Rectangles are a type of quadrilateral with four right angles and opposite sides equal in length. The video script suggests breaking down a figure into rectangles to simplify the calculation of its area content. This approach is exemplified by the script's mention of multiplying the lengths of sides to find the area of each rectangle.

💡Expression

In mathematics, an 'Expression' is a combination of variables, numbers, and operators that represents a value. The script uses expressions to represent the formulas for calculating the perimeter and area of a figure, such as '2x + 3' for the perimeter and '(2 + x) * 3' for the area.

💡Simplification

Simplification in mathematics refers to making a complex expression or problem easier to understand or solve.

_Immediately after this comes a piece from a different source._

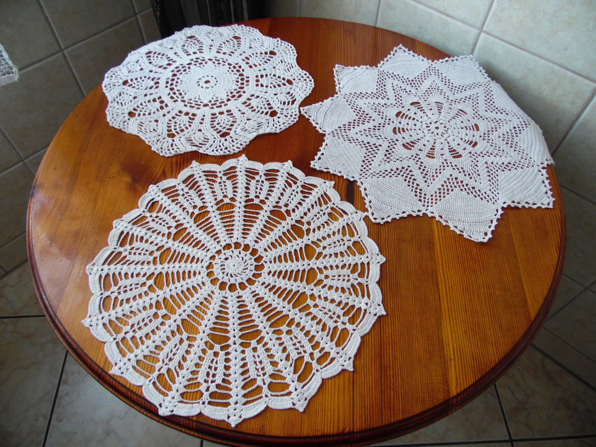 Набор кружевных салфеток, связанных вручную крючком из хлопковых и смешанных ниток, разных оттенков белого цвета. Размер: диам. от 31 до 40 см, 8 шт

The video script mentions simplifying the expressions for perimeter and area to make the calculations more straightforward, such as by multiplying the numbers within the expressions.

💡Commentary

The term 'Commentary' in the script refers to the invitation for viewers to ask questions or provide feedback in the comments section if they have any doubts or need clarification on the calculations presented in the video.

Highlights

Introduction to calculating the perimeter of a figure by adding the lengths of all outer sides.

Explanation of how to include each side in the calculation of the perimeter.

Specific example given for a figure with sides labeled for clarity.

Calculation of the unnamed side by using the known lengths of other sides.

Summation of all sides to find the total perimeter of the figure.

Introduction to calculating the area of a figure by breaking it into rectangles.

Method of calculating area by knowing two sides of a rectangle.

Use of brackets to ensure correct multiplication for the area calculation.

Simplification of the area calculation term for easier understanding.

Multiplication of the sides of the rectangles to find the total area.

Inclusion of all parts of the figure to calculate the complete area.

Explanation of how to handle the addition within the calculation for area.

Final summation of all numbers to get the total area of the figure.

Emphasis on the importance of correctly using brackets in area calculations.

Encouragement for viewers to simplify the term if not required for further simplification.

Invitation for viewers to ask questions in the comments for further clarification.